Mercer has committed to a 2050 net zero target for all of its discretionary investment portfolios across UK, Europe and Asia, as well as the majority of its multi-client, multi-asset fund domiciled in Ireland.
This represents around £31.5bn of assets under management. To achieve this target Mercer says it will reduce portfolio relative carbon emissions by at least 45 per cent by 2030, from 2019 baseline levels.
This commitment aligns with targeting a 1.5 degree Celsius limit on global temperature increases and the Paris Agreement’s ambitions.
Niall O’Sullivan, chief investment officer of Mercer Europe & Asia, the Middle East and Africa says: “We are committing to investing for a 1.5 degree scenario because robust analysis tells us it is in the best financial interests of our members and clients. Another contributing factor is the increasing demand for a rigorous and measureable approach to climate change investment that we see from pension scheme members as well as clients.
“The target is underpinned by our well-established climate change beliefs and scenario analysis over multiple years and is supported by a climate transition plan. We are confident that through preparations completed across asset classes emissions in our funds can be reduced while delivering on our investment objectives.”

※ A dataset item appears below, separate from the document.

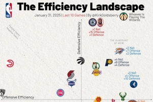 橫軸代表進(jìn)攻效率、縱軸代表防守效率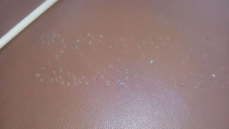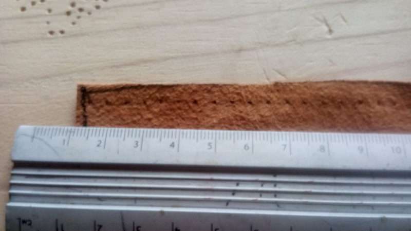 - Расстояние между отверстиями не должно быть меньше 2 мм, а если кожа взята из старой куртки или сумки, шаг увеличьте в два раза.

Following a climate transition plan, Mercer will be working closely with its appointed investment managers to identify and manage a staged emissions reduction plan, oversee portfolio allocations to climate solutions, and steward an increase in transition capacity across the funds. The firm recently made a similar commitment for its Australian funds and the Mercer-managed investment options within Mercer Super.

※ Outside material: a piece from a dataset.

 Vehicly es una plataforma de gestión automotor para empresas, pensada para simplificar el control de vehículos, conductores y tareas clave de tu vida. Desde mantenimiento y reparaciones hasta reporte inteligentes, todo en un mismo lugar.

Progress on absolute emissions and carbon intensity reductions will be monitored annually – together with analysis on transition capacity and allocation to ‘green’ solutions – using the Analytics for Climate Transition (ACT) tool, launched by Mercer in November 2020.
MercerUK head of responsible investment Kate Brett says: “This proprietrary ACT tool helps set a transition pathway and position portfolios for change. The analysis identifies portfolio companies that are high carbon and low transition through to low or zero carbon and high transition.
“This assessment allows us to manage high carbon risk and to engage with companies on their ability to support a zero emissions target.”